Poor dental hygiene puts congenital heart disease patients at risk of further heart damage

Compared to healthy controls, patients with single ventricle physiology had better health behaviours overall. But patients exercised less and their dental hygiene practices (mainly flossing) was poorer.

The only statistically significant differences between patients and controls were for binge drinking and physical activity. A significantly lower proportion of binge drinking was found in patients compared to controls (24% vs 41%). And patients exercised less than controls (61% vs 76%).

“Patients with complex conditions can have physical restrictions so the fact that they are less physically active is perhaps not surprising,” says Professor Moons. “But the reasons behind the poorer dental hygiene practices of patients in both studies need to be investigated further.”

Endocarditis is a life-threatening disease, although it is relatively uncommon. Substantial morbidity and mortality result from this infection, despite improvements in outcome due to advances in antimicrobial therapy and enhanced ability to diagnose and treat complications. Primary prevention of endocarditis whenever possible is therefore very important.

Endocarditis usually develops in individuals with underlying structural cardiac defects who develop bacteremia with organisms likely to cause endocarditis. Bacteremia may occur spontaneously or may complicate a focal infection (eg, urinary tract infection, pneumonia, or cellulitis). Some surgical and dental procedures and instrumentations involving mucosal surfaces or contaminated tissue cause transient bacteremia that rarely persists for more than 15 minutes. Blood-borne bacteria may lodge on damaged or abnormal heart valves or on the endocardium or the endothelium near anatomic defects, resulting in bacterial endocarditis or endarteritis. Although bacteremia is common following many invasive procedures, only certain bacteria commonly cause endocarditis. It is not always possible to predict which patients will develop this infection or which particular procedure will be responsible.

Dental and Oral Procedures
Poor dental hygiene and periodontal or periapical infections may produce bacteremia even in the absence of dental procedures. The incidence and magnitude of bacteremias of oral origin are directly proportional to the degree of oral inflammation and infection. Individuals who are at risk for developing bacterial endocarditis should establish and maintain the best possible oral health to reduce potential sources of bacterial seeding. Optimal oral health is maintained through regular professional care and the use of appropriate dental products such as manual and powered toothbrushes, dental floss, and other plaque-removal devices. Oral irrigator or air abrasive polishing devices used inappropriately or in patients with poor oral hygiene have been implicated in producing bacteremia, but the relationship to bacterial endocarditis is unknown. Home-use devices pose far less risk of bacteremia in a healthy mouth than does ongoing oral inflammation.
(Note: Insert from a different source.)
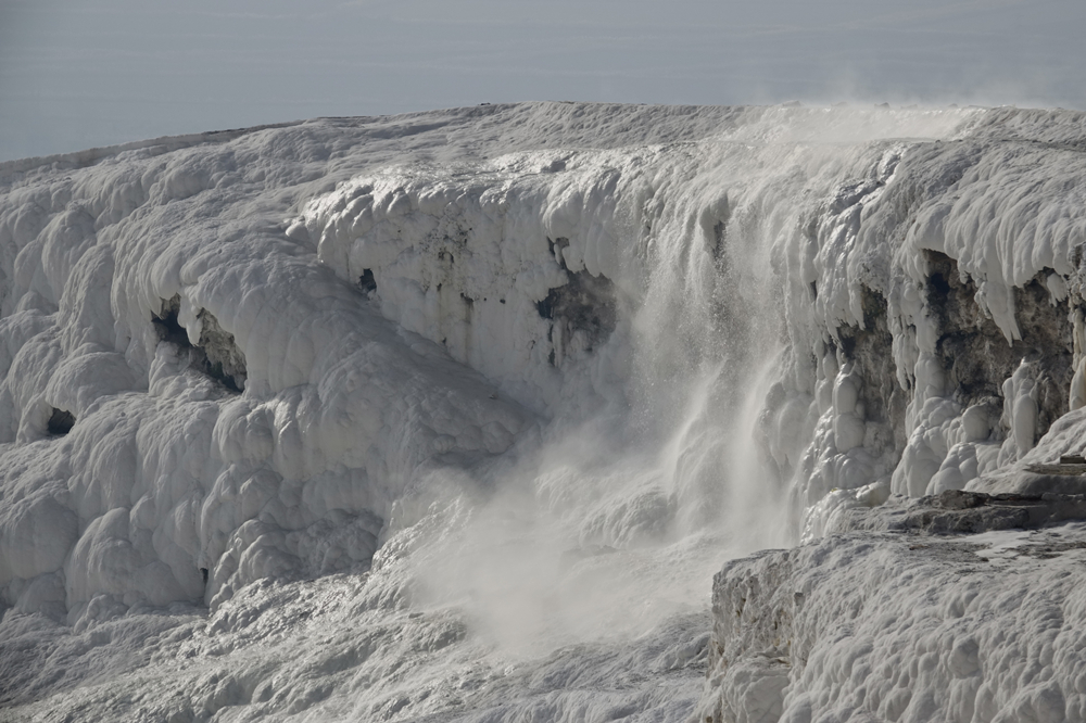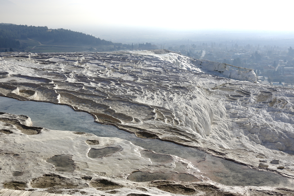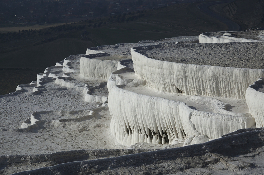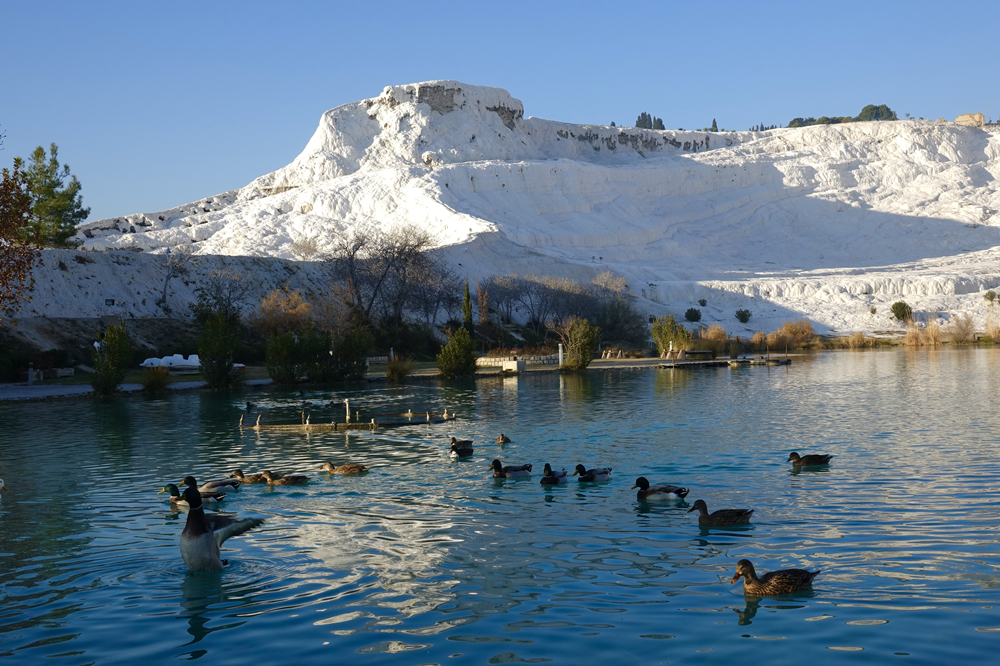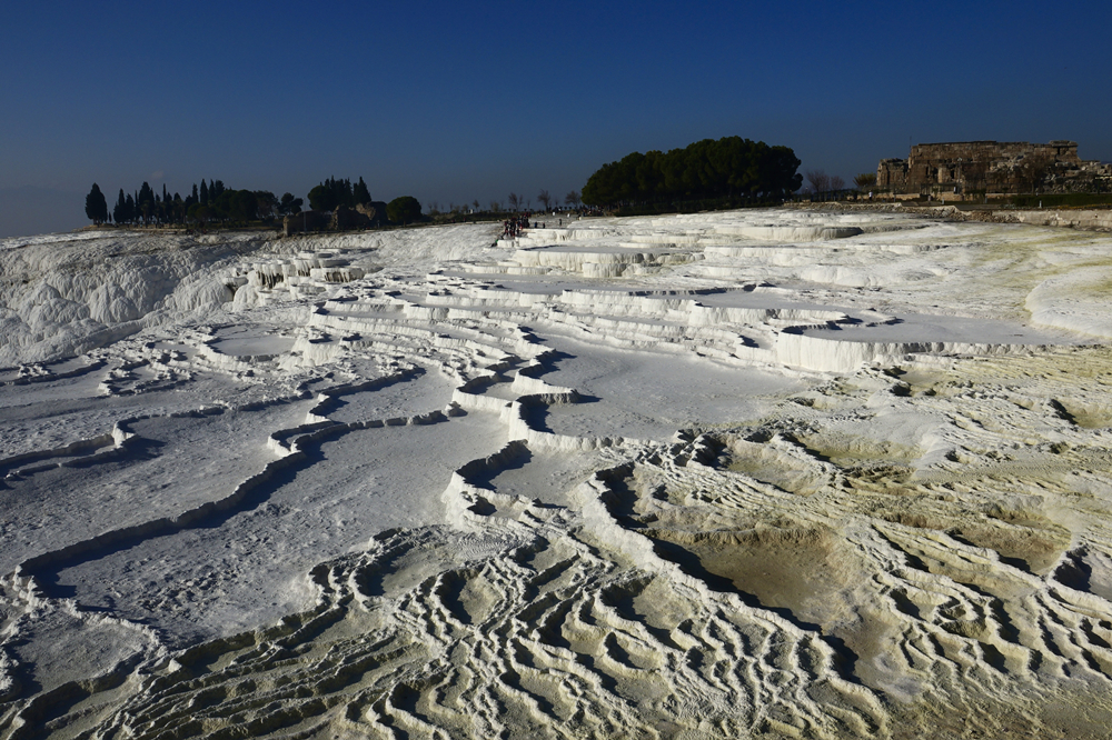 終年維持攝氏29度的溫泉水在山崖上經(jīng)過億萬年流動,其中的礦物質(zhì)沉淀下來,把整個山坡染成白色的露天溶巖,遠看形似堆積如山的棉花,一腳踩上去,才知道是堅硬的白色石灰?guī)r。由于一層又一層的巖石形狀很像城堡,故得名棉花堡。李仁奇 攝

Antiseptic mouth rinses applied immediately prior to dental procedures may reduce the incidence or magnitude of bacteremia. Agents include chlorhexidine hydrochloride and povidone-iodine. Fifteen milliliters of chlorhexidine can be given to all at-risk patients via gentle oral rinsing for about 30 seconds prior to dental treatment; gingival irrigation is not recommended. Sustained or repeated frequent interval use is not indicated as this may result in the selection of resistant micro-organisms.

In the past, efforts to prevent endocarditis in patients with congenital heart disease focused on taking antibiotics one hour before a dental procedure. This prevented bacteria released into the blood from damaged gums travelling to the heart and causing an infection (endocarditis).

But researchers have since discovered that daily dental hygiene is more important for preventing endocarditis than antibiotics before a procedure. Professor Moons says: “This was a change in the American Heart Association 2007 guidelines but not all physicians have switched to that new paradigm. And of course if you switch to that paradigm you also need to educate patients in a systematic way, but a lot of centres are not doing that yet.”

He adds: “Systematic structured patient education on the importance of dental hygiene is critical for preventing endocarditis in patients with congenital heart disease.”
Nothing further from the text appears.